Friday, 2 November 2012
Nate Silver and the war against statistical truth
Amongst all the noise generated by the US Presidential election (and we still don't know who's going to win) is a very, very worrying drumbeat that's pumping away just under the surface.
It's a war, waged by ultra-conservative commentators. And it's a fight against numbers - even (if you'll forgive the rather embarrasing show of emotion) against the truth.

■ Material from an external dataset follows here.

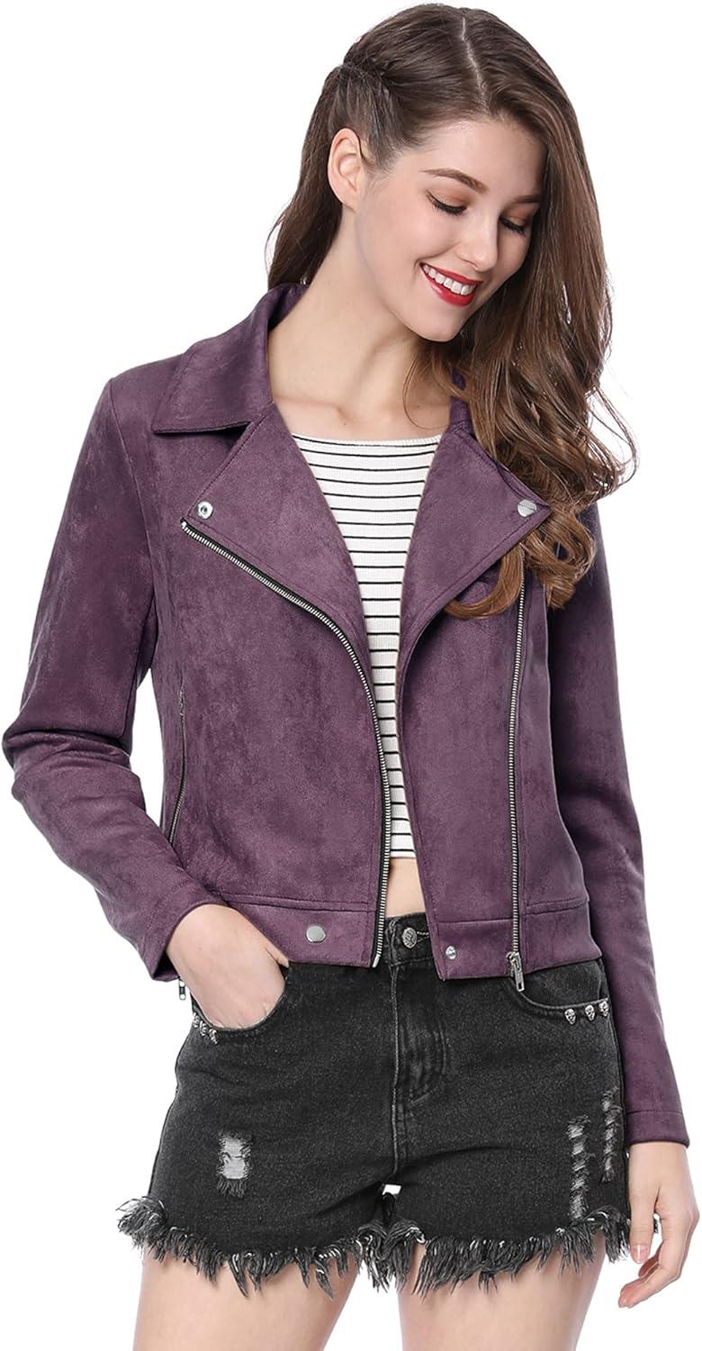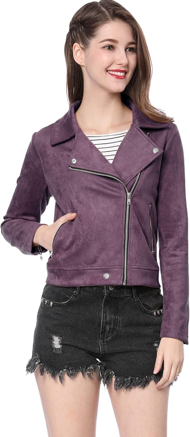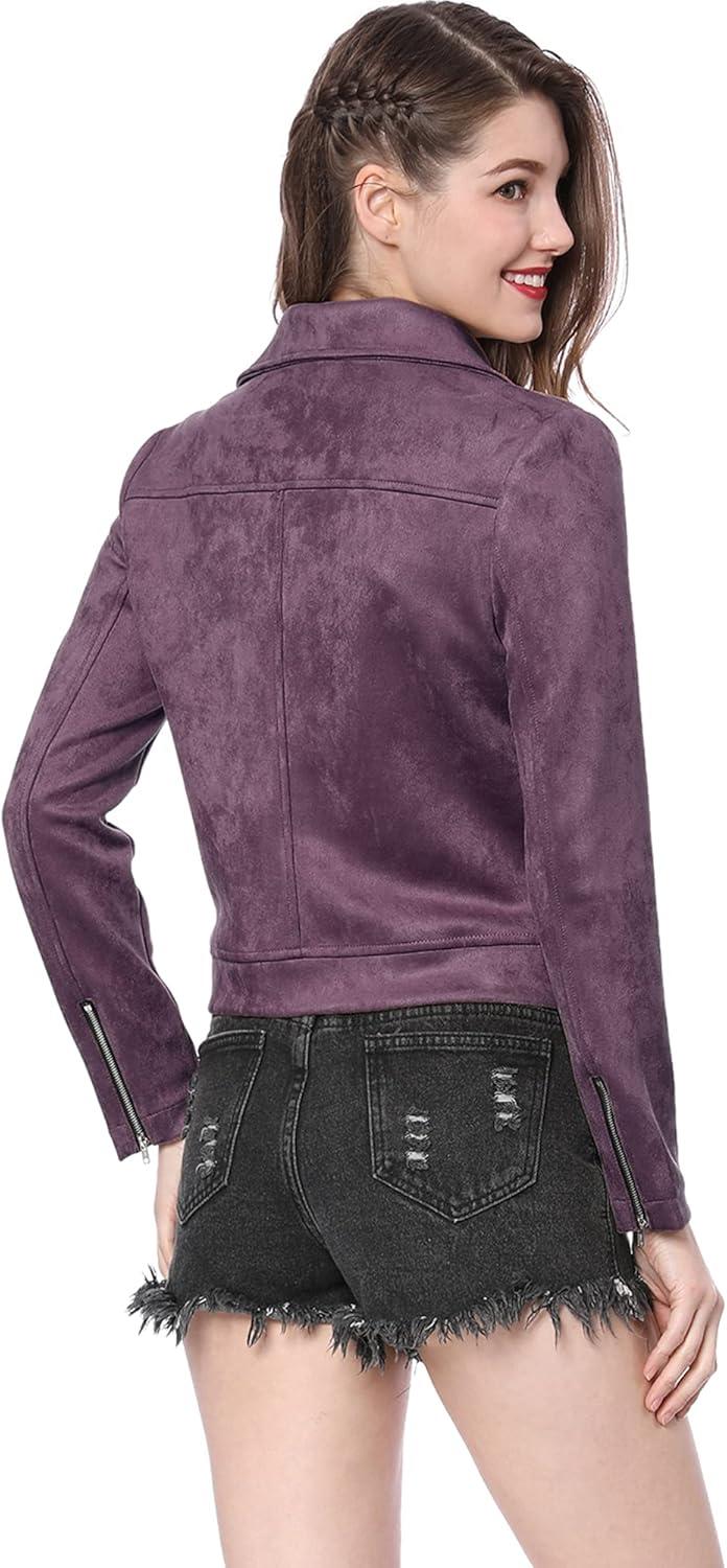 Allegra K Women's Short Soft Zip Up Faux Suede Biker Moto Jacket(Dark Purple)

Their nastiest bile - and some of it has been really nasty and disgusting stuff - is aimed at Nate Silver (above), hero of baseball and poker predictors everywhere, and the author of the New York Times' 538 blog. He's a man who's made his name applying statistical models of the data to predict outcomes - results that he's usually got right. Now he's being accused of arrogantly 'assuming' what will happen in the end, being privy to secret data from the Obama camp, weighting pollsters' results how he likes, and much else abusive and slanderous rubbish. It's all part of a wider picture, of course - that elements of conservative America are spinning off into their own 'post-truth' politics, in which they can question anything they like (so long as it's not their own preconceptions). A world in which they try to undermine voting machines' reputations before ballots can even be cast - though of course Democrats have long had their own conspiracy theories about the voting machines that were used in the 2004 elections.

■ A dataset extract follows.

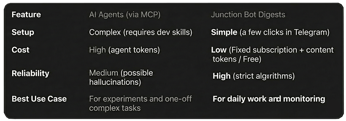Let’s break down the fundamental difference between these approaches and explain why you most likely don’t need an all-powerful AI agent to generate digests.
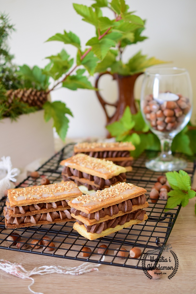 Millefeuille to deser składajacy się z upieczonego ciasta francuskiego, znaczy „tysiąc płatków” w oryginale przekładamy kremem waniliowym, ja zrobiłam swoją wersję i przełożyłam go kremem czekoladowym wyciskanym przez szprycę cukierniczą, choć jest czasochłonny efekt smakowy jest tego wart. Cudownie wygląda i tak samo smakuje.

This stuff matters. You have to understand numbers and concepts of scale to understand the world around you. Of course numbers are constructed, shifting, uncertain - as this column has argued and accepted on many occasions. But that doesn't mean that they're all as good as one another. Still less does it mean that you don't have to be able to put them in context, mobilising actual knowledge (the outbreak of italics is a metaphorical jab in the chest with a pointed finger, I know - but hey, I'm angry).
So, for instance... Republicans have been arguing that the fact that they're ahead in the polls with 'independent' voters, who aren't registered as Democrats or Republicans, means that they're going to do well next week. Which they might. But it doesn't necessarily mean this - because many conservatively-minded voters may now be listing themselves as 'Independents' as 'their' party zig-zags ever more crazily to the far right. Take another example. Republicans have been arguing that they are doing well in Ohio, based on the fact that early turnout in their countries has been very good. But get right down to the ward level, and things look rather different, with Democrats turning out well. It may well be that right-wing journalists have not dug deeply enough into the grainy mess of the raw numbers here.
And so on. And on.
There's one very telling set of details buried in all this - and it's that Silver uses the methods of social science, not the impressions of pundits or commentators. He is clear that he is not predicting that Obama will actually win: he's just saying that it's pretty likely, on the basis of the numbers that we now have, and compared to the alternative. And he's not saying that this won't be close. He's simply saying that, while close, the balance of evidence for predicting victory is (delicately but definitely) on one side and not the other. More moderate conservative voices accept all this, of course, while pointing out that their real problem is with the 'utopian' idea that models can predict the unfolding of the future.
That cod-philosophy to one side, it's important to note that Silver publishes his methods - as do other reputable number-crunchers trying to turn leads or deficits into predictions. He draws on accepted mathematical proofs. He's not alone, with other prediction sites and (something I put a lot of weight on) gambling markets also giving President Obama somewhere between a two-thirds and a 96 per cent chance of victory. He accepts that the eventual result on Tuesday night might be different from what his numbers suggest. They're suggesting a likelihood, and 80 per cent saying he'll win from a model doesn't mean he will. 20 per cent changes come off all the time (well, they come off a fifth of the time). He doesn't change his views (or his model) in mid-stream. He uses data - not the gut feelings that pull us all over the place all the time.
You know what? I prefer his approach to that of the people chucking abuse at him. Call me old-fashioned.